▶ Problem statement
Write out each entry below exactly. Do not include the images.

━━ Records to use ━━

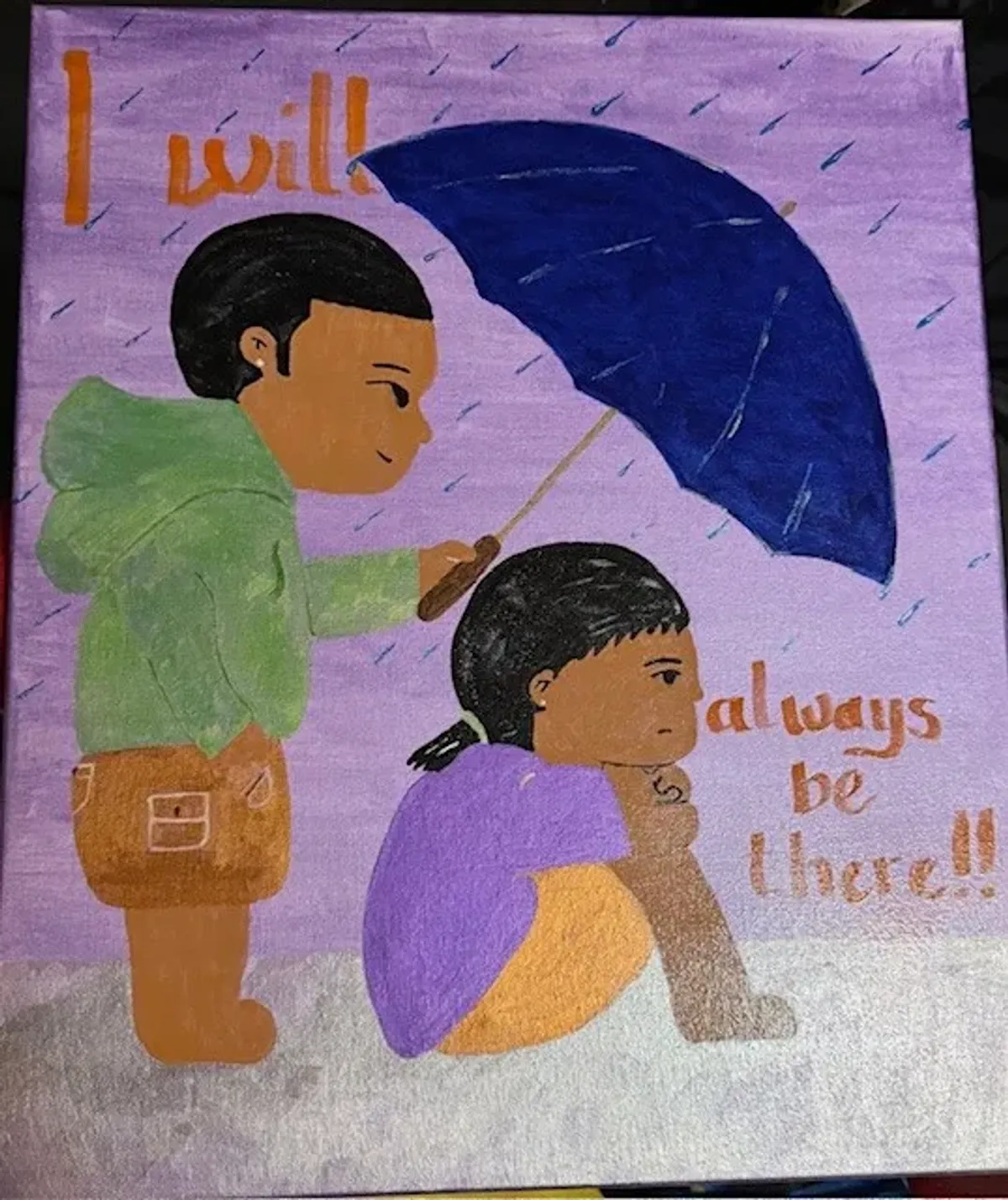 SupportEmpathyFriendshipRainUmbrellaHelpingCartoonKindnessBold / GraphicStorytelling / NarrativeInspirational / UpliftingPortrait / PeopleHope / Healing / ResilienceSpiritual / Symbolic
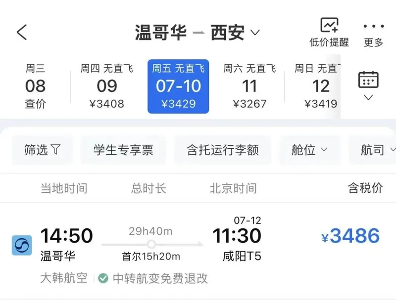 说到国外转机,大韩航空从温哥华出发经首尔转机飞西安,税后价格¥3486元。
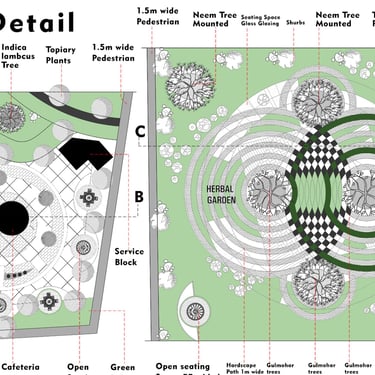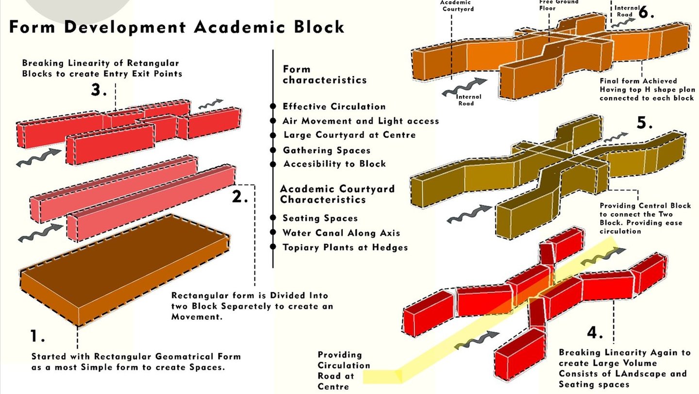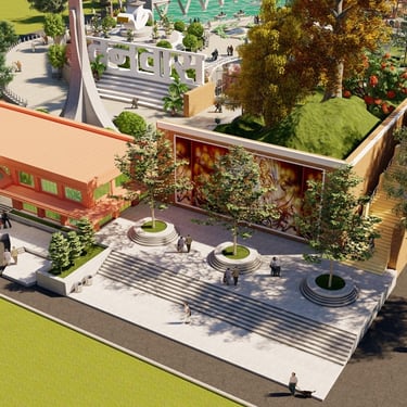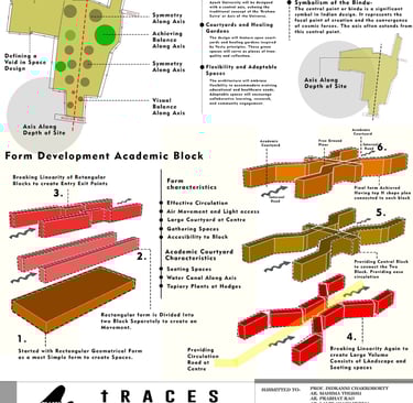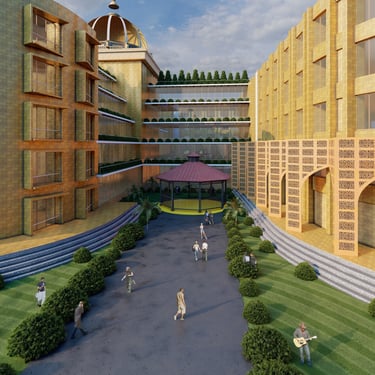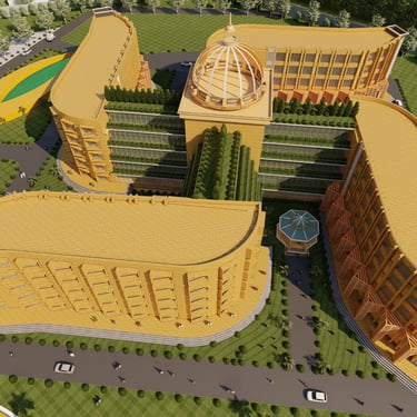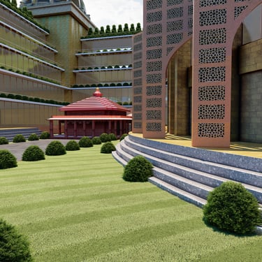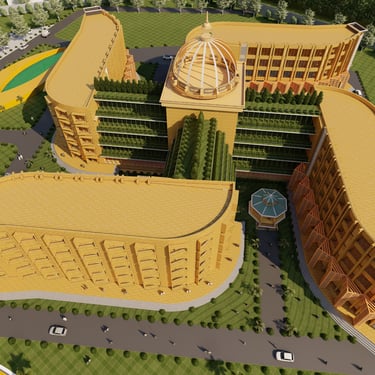 This architectural project is situated within the historic and culturally rich context of Lucknow, the capital city of Uttar Pradesh, India. The site encompasses the existing Government Press at Aishbagh, a location with a strong historical track record and impressive architectural heritage. The design proposal for this area draws profound inspiration from Lucknow's unique blend of Mughal, Awadhi, and British colonial architectural styles, integrating these influences with modern sustainable practices. The development is organized into distinct blocks—Rig, Yajur, Atharva, and Sam—allocated for workshops, offices, laboratories, and auditoriums, creating a complex that harmonizes its significant historical setting with contemporary functionality and symbolic design elements rooted in local tradition.
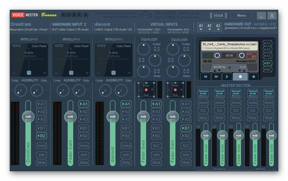 Voicemeeter улавливает абсолютно все сигналы записи и воспроизведения, позволяя не только регулировать громкость, но и выполнять различные усовершенствования, такие как шумоподавление или использование встроенного эквалайзера.
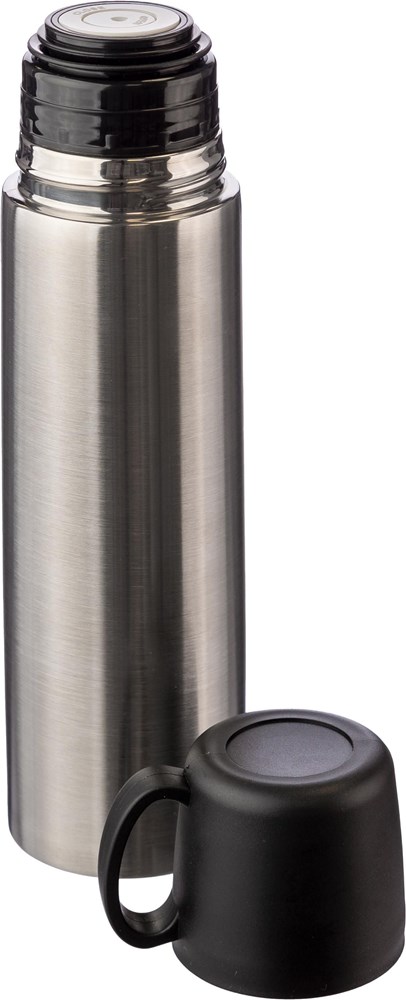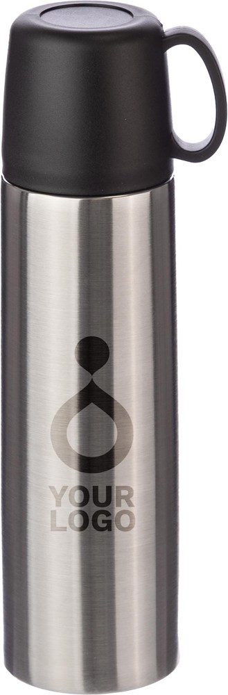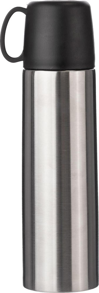 Stainless steel (s/s304) double-walled vacuum flask (500 ml) with PP cup/lid. Capacity of the cup is 130 ml. Packaged per piece in a brown carton box.
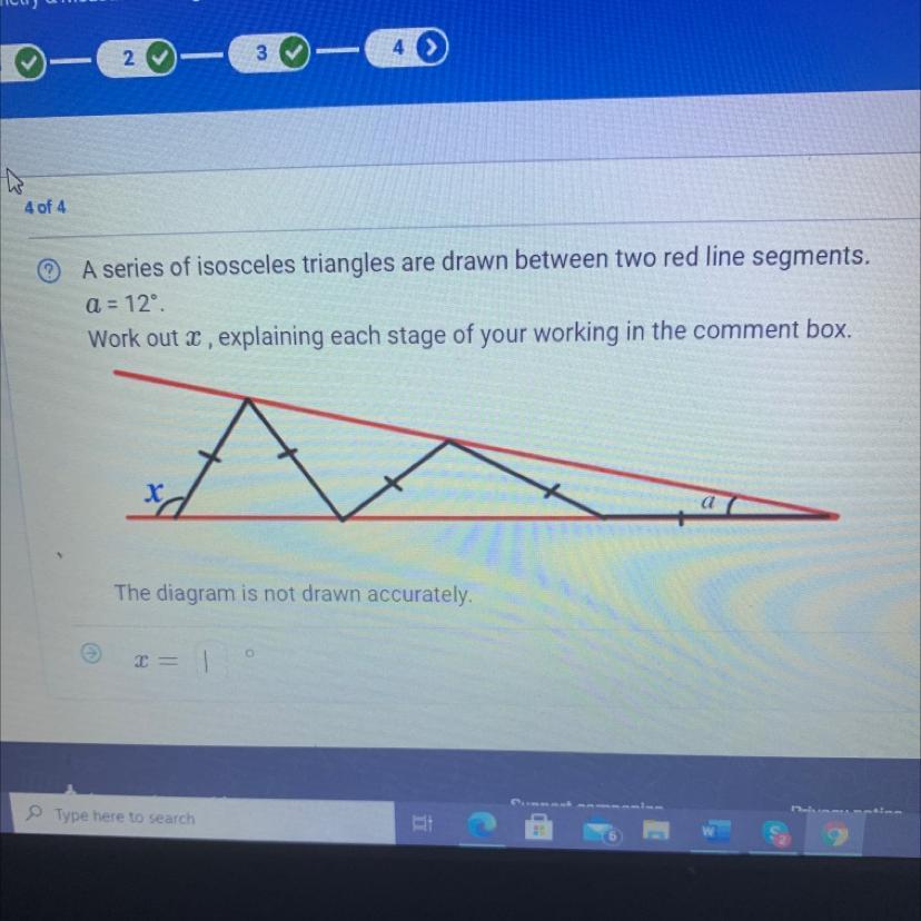 Angle TRS = 12 degrees because  isosceles triangle so TRS = a = 12 degrees.
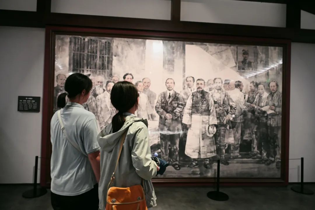 第二天,侵华日军南京大屠杀遇难同胞纪念馆的灰色建筑群在晨光中更显凝重。馆外水池里,同胞挣扎的雕塑凝固着1937年的至暗时刻;馆内,泛黄的照片、冰冷的数字、幸存者的泣血证言,将那段民族伤痛赤裸裸地铺展在眼前。同学们以“无声行走”的方式进入展馆。在遇难者人数石壁前,同学们拍下“300000”字样,感慨道:“和平不是理所当然的,需要一代代人去守护。”

━━━

▶ Task result
 SupportEmpathyFriendshipRainUmbrellaHelpingCartoonKindnessBold / GraphicStorytelling / NarrativeInspirational / UpliftingPortrait / PeopleHope / Healing / ResilienceSpiritual / Symbolic
 说到国外转机,大韩航空从温哥华出发经首尔转机飞西安,税后价格¥3486元。
 This architectural project is situated within the historic and culturally rich context of Lucknow, the capital city of Uttar Pradesh, India. The site encompasses the existing Government Press at Aishbagh, a location with a strong historical track record and impressive architectural heritage. The design proposal for this area draws profound inspiration from Lucknow's unique blend of Mughal, Awadhi, and British colonial architectural styles, integrating these influences with modern sustainable practices. The development is organized into distinct blocks—Rig, Yajur, Atharva, and Sam—allocated for workshops, offices, laboratories, and auditoriums, creating a complex that harmonizes its significant historical setting with contemporary functionality and symbolic design elements rooted in local tradition.
 Voicemeeter улавливает абсолютно все сигналы записи и воспроизведения, позволяя не только регулировать громкость, но и выполнять различные усовершенствования, такие как шумоподавление или использование встроенного эквалайзера.
 Stainless steel (s/s304) double-walled vacuum flask (500 ml) with PP cup/lid. Capacity of the cup is 130 ml. Packaged per piece in a brown carton box.
 Angle TRS = 12 degrees because  isosceles triangle so TRS = a = 12 degrees.
 第二天,侵华日军南京大屠杀遇难同胞纪念馆的灰色建筑群在晨光中更显凝重。馆外水池里,同胞挣扎的雕塑凝固着1937年的至暗时刻;馆内,泛黄的照片、冰冷的数字、幸存者的泣血证言,将那段民族伤痛赤裸裸地铺展在眼前。同学们以“无声行走”的方式进入展馆。在遇难者人数石壁前,同学们拍下“300000”字样,感慨道:“和平不是理所当然的,需要一代代人去守护。”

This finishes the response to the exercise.